■ What the task requires ■
Before copying, find the line below that contains "2月16日から3日間限定!大"; then return it and all later lines exactly, up to and including the final line, with no pictures.

______

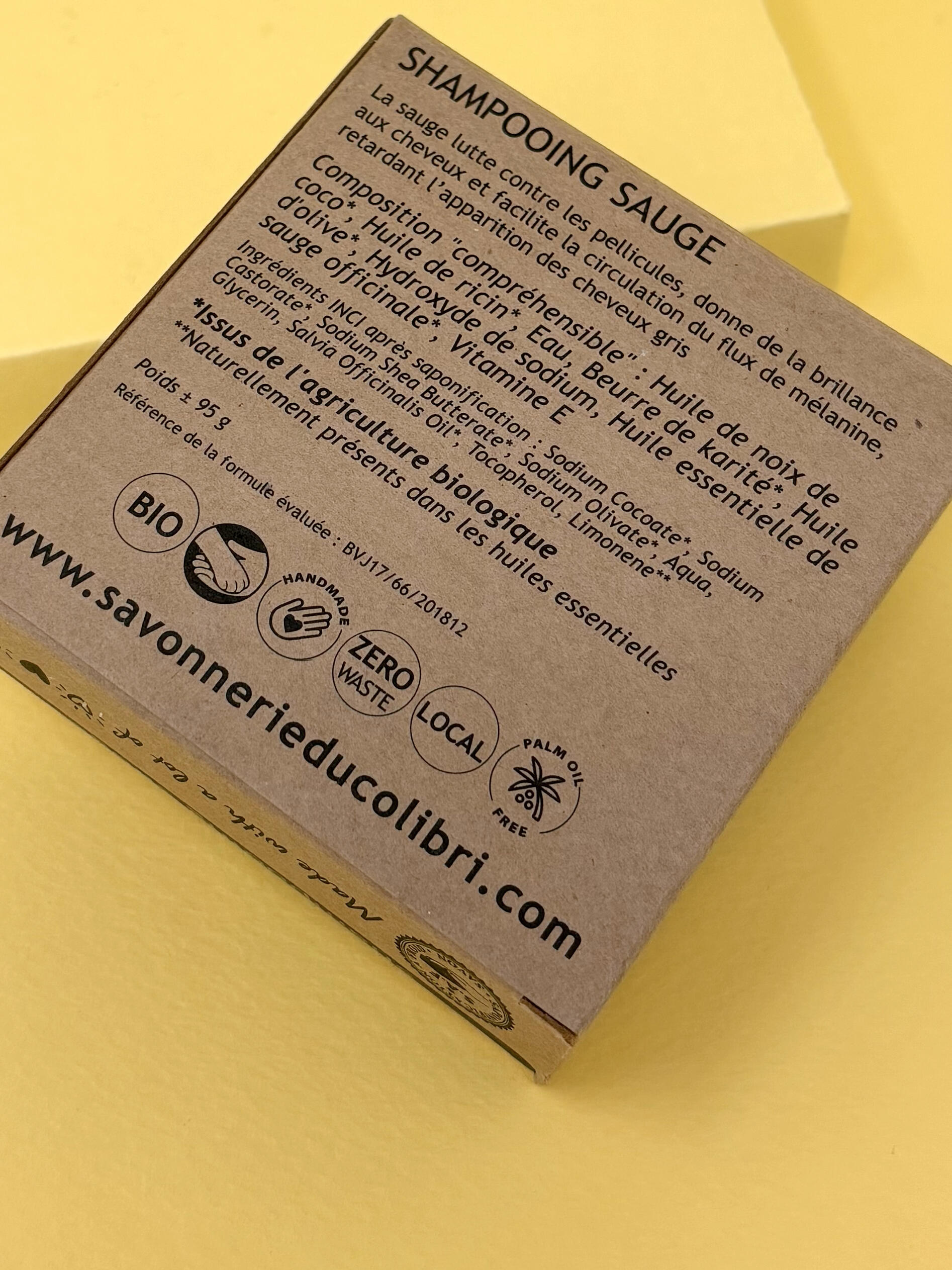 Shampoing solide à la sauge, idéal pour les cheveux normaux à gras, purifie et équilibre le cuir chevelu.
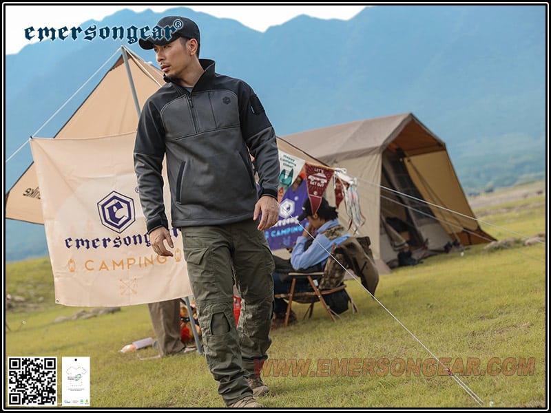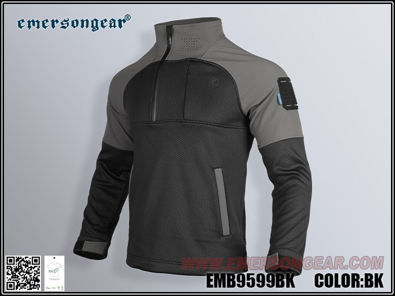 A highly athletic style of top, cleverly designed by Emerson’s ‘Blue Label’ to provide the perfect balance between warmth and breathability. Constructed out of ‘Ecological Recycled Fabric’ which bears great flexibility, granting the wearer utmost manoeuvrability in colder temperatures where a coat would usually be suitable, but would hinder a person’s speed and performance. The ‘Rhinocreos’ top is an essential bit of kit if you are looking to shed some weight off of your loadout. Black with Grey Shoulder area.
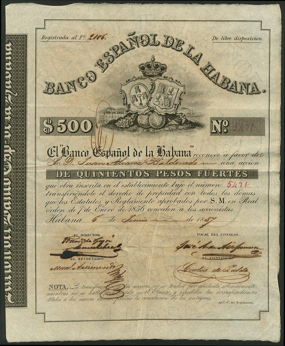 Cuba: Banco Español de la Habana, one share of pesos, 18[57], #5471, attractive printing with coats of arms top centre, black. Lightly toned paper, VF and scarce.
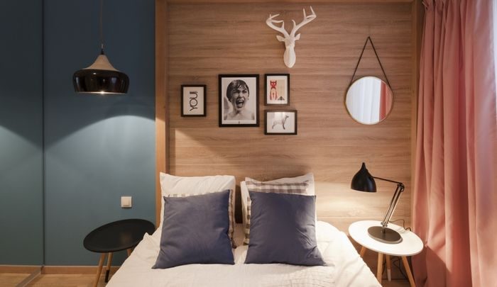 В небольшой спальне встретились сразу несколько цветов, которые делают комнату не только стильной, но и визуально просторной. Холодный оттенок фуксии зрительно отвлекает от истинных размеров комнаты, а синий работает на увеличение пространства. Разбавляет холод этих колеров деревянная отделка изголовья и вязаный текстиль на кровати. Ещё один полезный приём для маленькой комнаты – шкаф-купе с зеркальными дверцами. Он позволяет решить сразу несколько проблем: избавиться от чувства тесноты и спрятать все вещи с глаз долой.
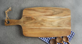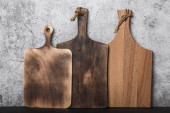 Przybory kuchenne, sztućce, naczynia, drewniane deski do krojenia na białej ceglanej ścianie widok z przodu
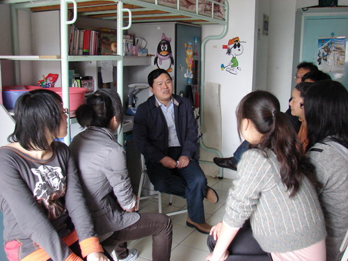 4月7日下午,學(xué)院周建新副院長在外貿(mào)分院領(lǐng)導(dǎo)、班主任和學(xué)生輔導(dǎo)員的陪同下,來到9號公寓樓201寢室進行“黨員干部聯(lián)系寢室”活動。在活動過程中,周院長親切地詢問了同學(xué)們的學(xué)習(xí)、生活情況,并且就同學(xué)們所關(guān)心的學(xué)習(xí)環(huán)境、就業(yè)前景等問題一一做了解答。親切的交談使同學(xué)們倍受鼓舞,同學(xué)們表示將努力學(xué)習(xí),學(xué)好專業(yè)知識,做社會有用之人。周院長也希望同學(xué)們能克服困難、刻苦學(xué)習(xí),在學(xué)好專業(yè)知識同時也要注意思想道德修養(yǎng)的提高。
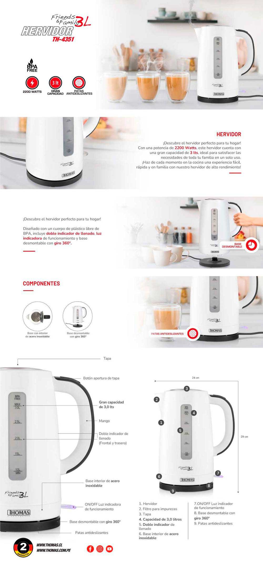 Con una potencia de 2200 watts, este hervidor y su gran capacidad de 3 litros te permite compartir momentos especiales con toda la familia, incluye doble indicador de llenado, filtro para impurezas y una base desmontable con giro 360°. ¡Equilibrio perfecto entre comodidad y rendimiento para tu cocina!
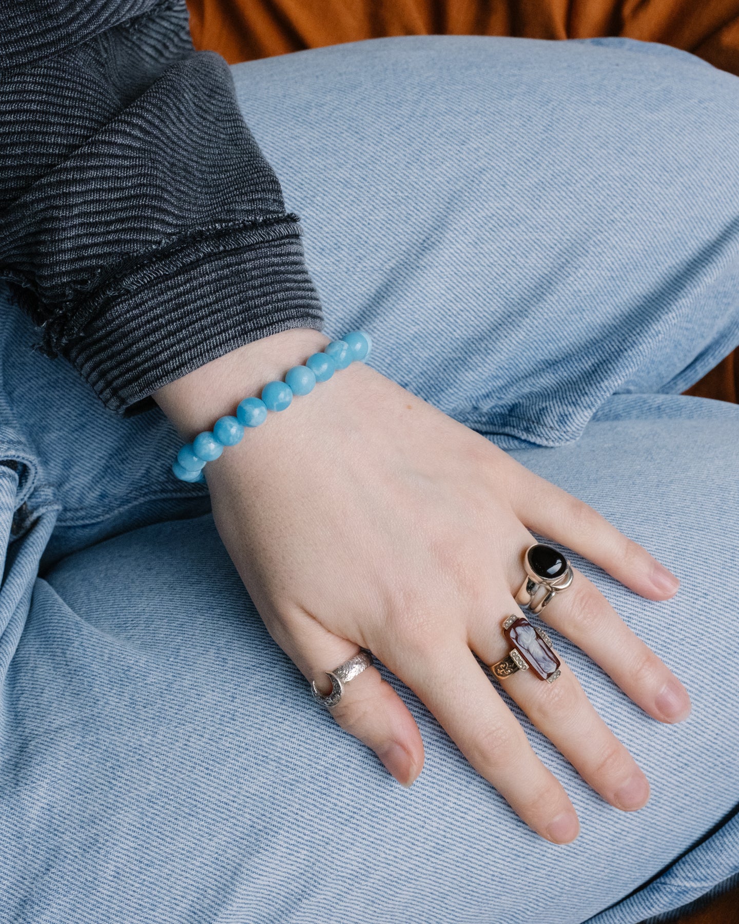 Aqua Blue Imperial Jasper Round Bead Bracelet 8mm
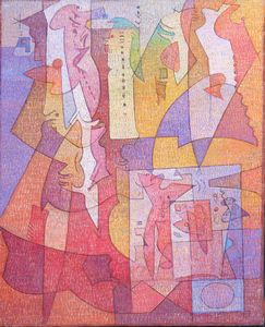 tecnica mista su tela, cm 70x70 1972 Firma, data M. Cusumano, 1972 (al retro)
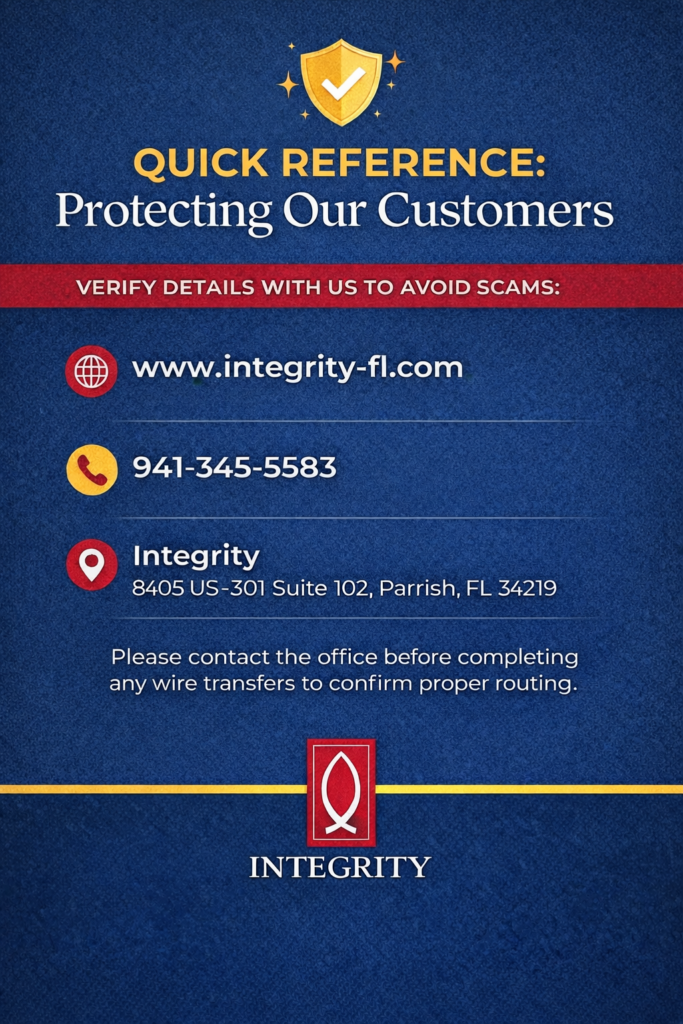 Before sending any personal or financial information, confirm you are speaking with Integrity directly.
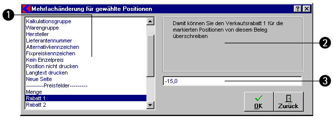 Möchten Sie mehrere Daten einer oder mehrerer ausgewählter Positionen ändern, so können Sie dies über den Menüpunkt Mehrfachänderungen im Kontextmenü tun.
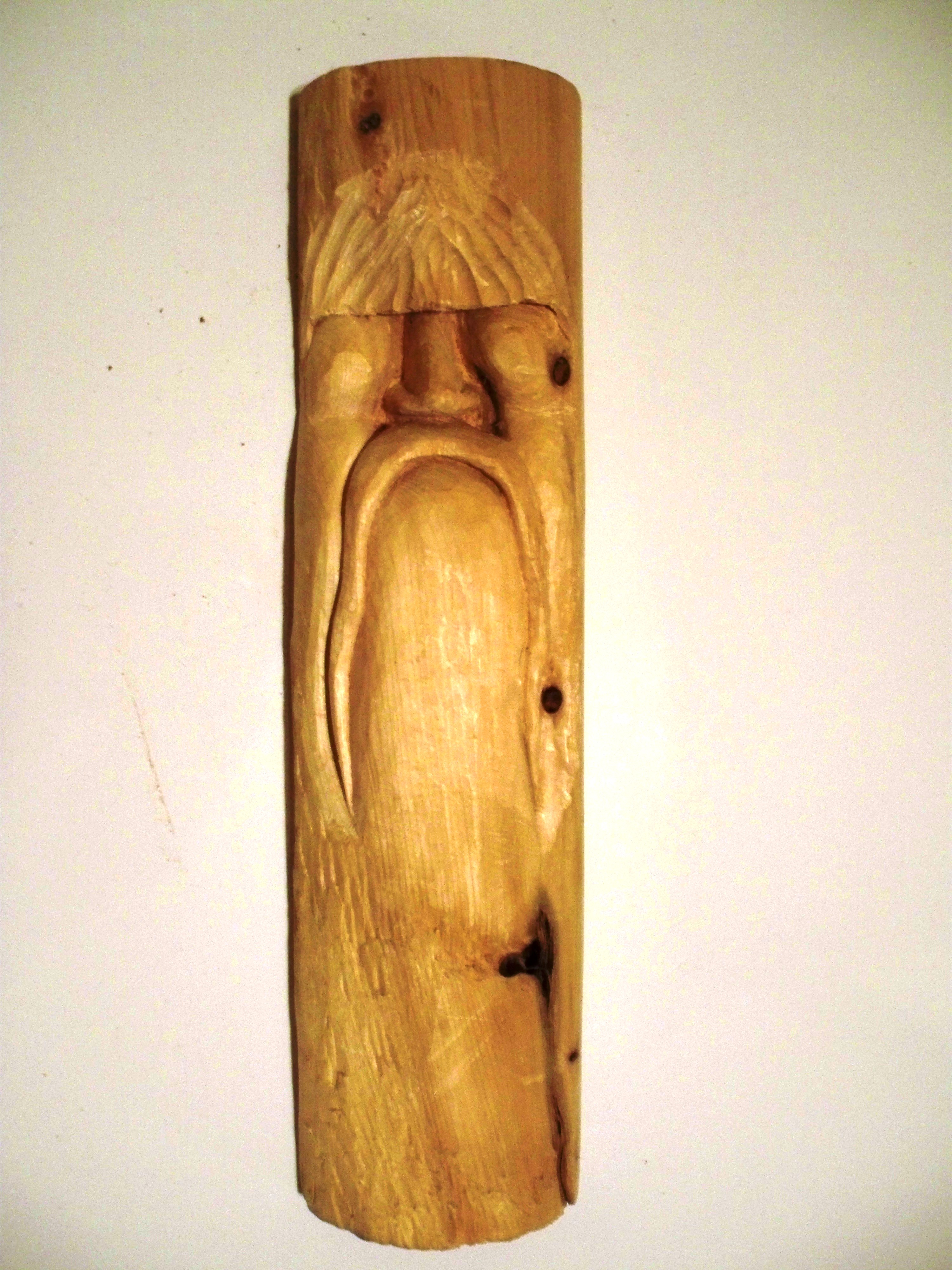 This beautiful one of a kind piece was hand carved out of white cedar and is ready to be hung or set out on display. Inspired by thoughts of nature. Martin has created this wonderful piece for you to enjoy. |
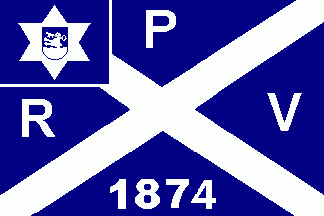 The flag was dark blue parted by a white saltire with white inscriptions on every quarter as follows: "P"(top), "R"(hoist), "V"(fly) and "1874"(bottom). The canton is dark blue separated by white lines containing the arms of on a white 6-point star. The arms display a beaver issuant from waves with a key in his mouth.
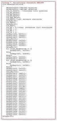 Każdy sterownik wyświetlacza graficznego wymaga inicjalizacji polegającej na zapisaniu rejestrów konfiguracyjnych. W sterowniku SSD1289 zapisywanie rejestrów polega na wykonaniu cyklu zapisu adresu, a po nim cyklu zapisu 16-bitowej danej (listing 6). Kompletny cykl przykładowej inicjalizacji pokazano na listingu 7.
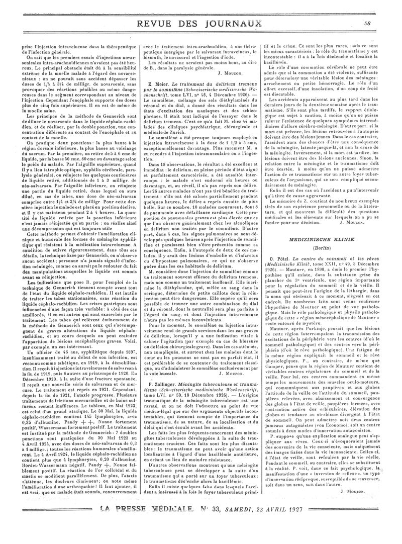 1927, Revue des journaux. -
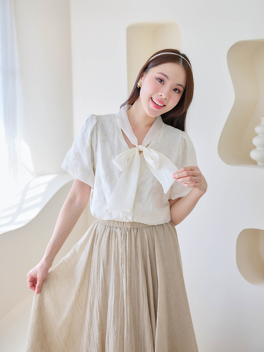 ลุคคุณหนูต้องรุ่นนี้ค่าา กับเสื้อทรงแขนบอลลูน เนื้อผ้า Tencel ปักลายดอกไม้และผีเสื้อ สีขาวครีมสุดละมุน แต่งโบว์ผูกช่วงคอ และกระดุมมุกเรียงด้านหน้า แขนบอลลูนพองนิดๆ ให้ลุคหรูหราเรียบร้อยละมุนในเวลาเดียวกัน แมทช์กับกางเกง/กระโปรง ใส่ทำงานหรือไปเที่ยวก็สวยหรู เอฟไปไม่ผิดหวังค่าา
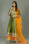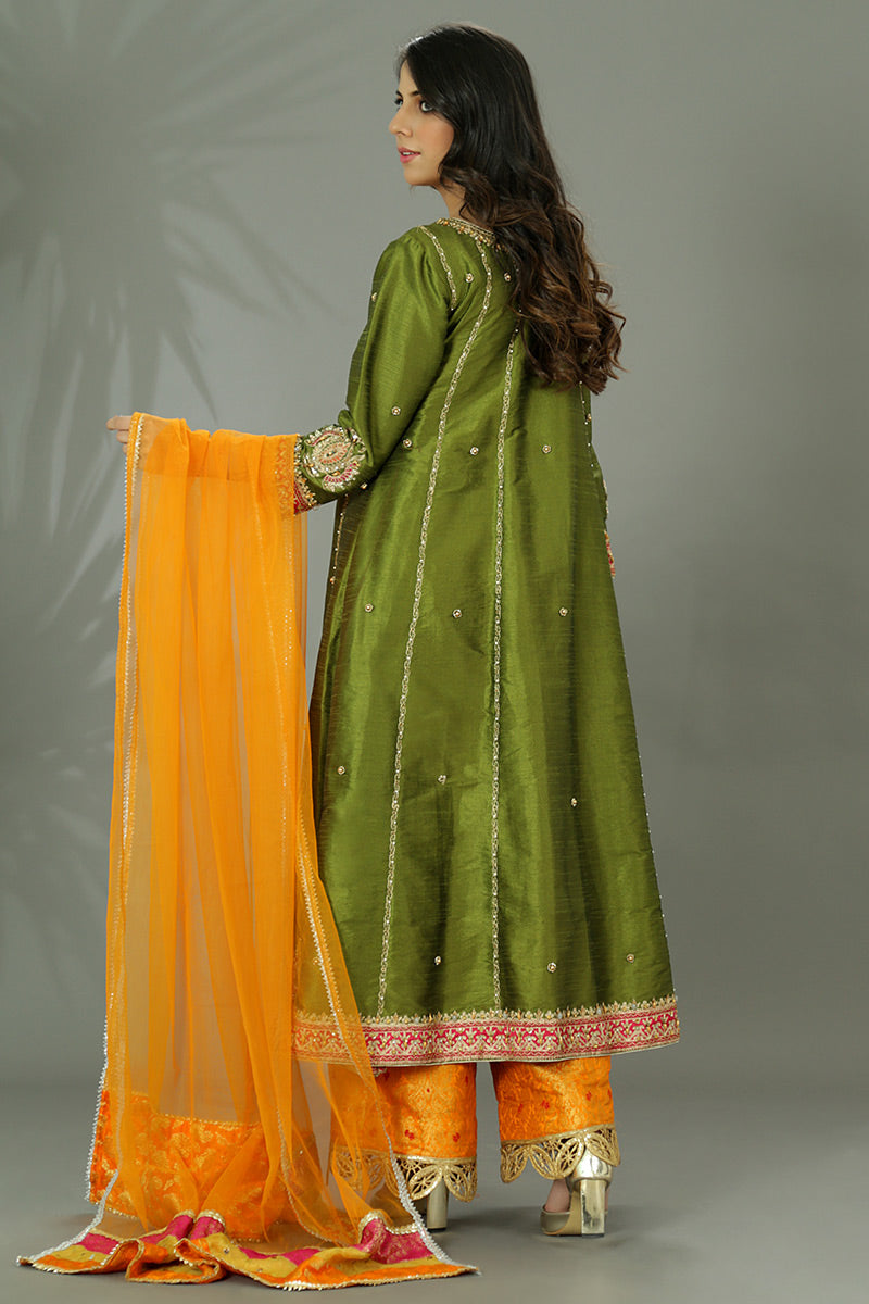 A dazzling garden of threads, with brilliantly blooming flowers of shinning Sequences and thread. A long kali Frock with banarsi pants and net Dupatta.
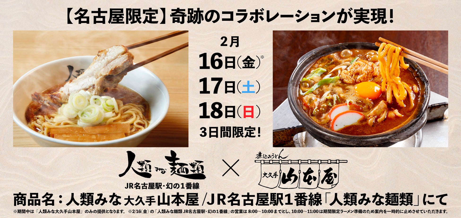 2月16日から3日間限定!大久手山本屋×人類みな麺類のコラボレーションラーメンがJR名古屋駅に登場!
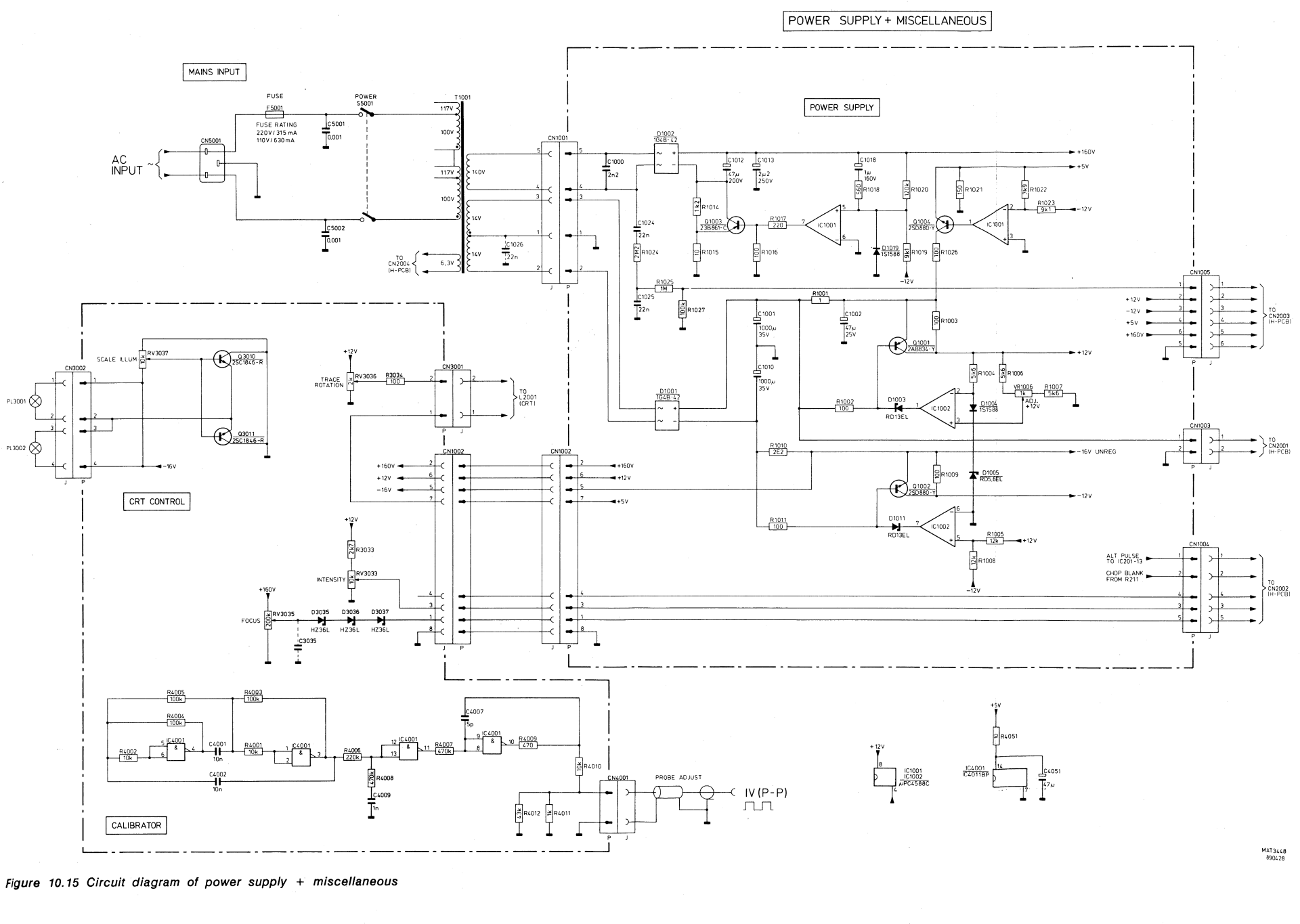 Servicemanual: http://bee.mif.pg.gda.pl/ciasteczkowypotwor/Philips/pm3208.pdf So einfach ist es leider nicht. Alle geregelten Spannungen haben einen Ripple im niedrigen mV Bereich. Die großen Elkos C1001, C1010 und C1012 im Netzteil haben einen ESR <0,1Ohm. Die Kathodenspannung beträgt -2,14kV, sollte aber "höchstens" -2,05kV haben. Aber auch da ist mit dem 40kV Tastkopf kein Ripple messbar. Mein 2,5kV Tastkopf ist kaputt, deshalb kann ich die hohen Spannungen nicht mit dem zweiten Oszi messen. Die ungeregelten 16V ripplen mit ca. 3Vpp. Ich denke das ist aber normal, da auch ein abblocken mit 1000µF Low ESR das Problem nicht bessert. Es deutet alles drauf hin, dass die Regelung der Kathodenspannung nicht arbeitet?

______

■ Output of the task ■
 2月16日から3日間限定!大久手山本屋×人類みな麺類のコラボレーションラーメンがJR名古屋駅に登場!
 Servicemanual: http://bee.mif.pg.gda.pl/ciasteczkowypotwor/Philips/pm3208.pdf So einfach ist es leider nicht. Alle geregelten Spannungen haben einen Ripple im niedrigen mV Bereich. Die großen Elkos C1001, C1010 und C1012 im Netzteil haben einen ESR <0,1Ohm. Die Kathodenspannung beträgt -2,14kV, sollte aber "höchstens" -2,05kV haben. Aber auch da ist mit dem 40kV Tastkopf kein Ripple messbar. Mein 2,5kV Tastkopf ist kaputt, deshalb kann ich die hohen Spannungen nicht mit dem zweiten Oszi messen. Die ungeregelten 16V ripplen mit ca. 3Vpp. Ich denke das ist aber normal, da auch ein abblocken mit 1000µF Low ESR das Problem nicht bessert. Es deutet alles drauf hin, dass die Regelung der Kathodenspannung nicht arbeitet?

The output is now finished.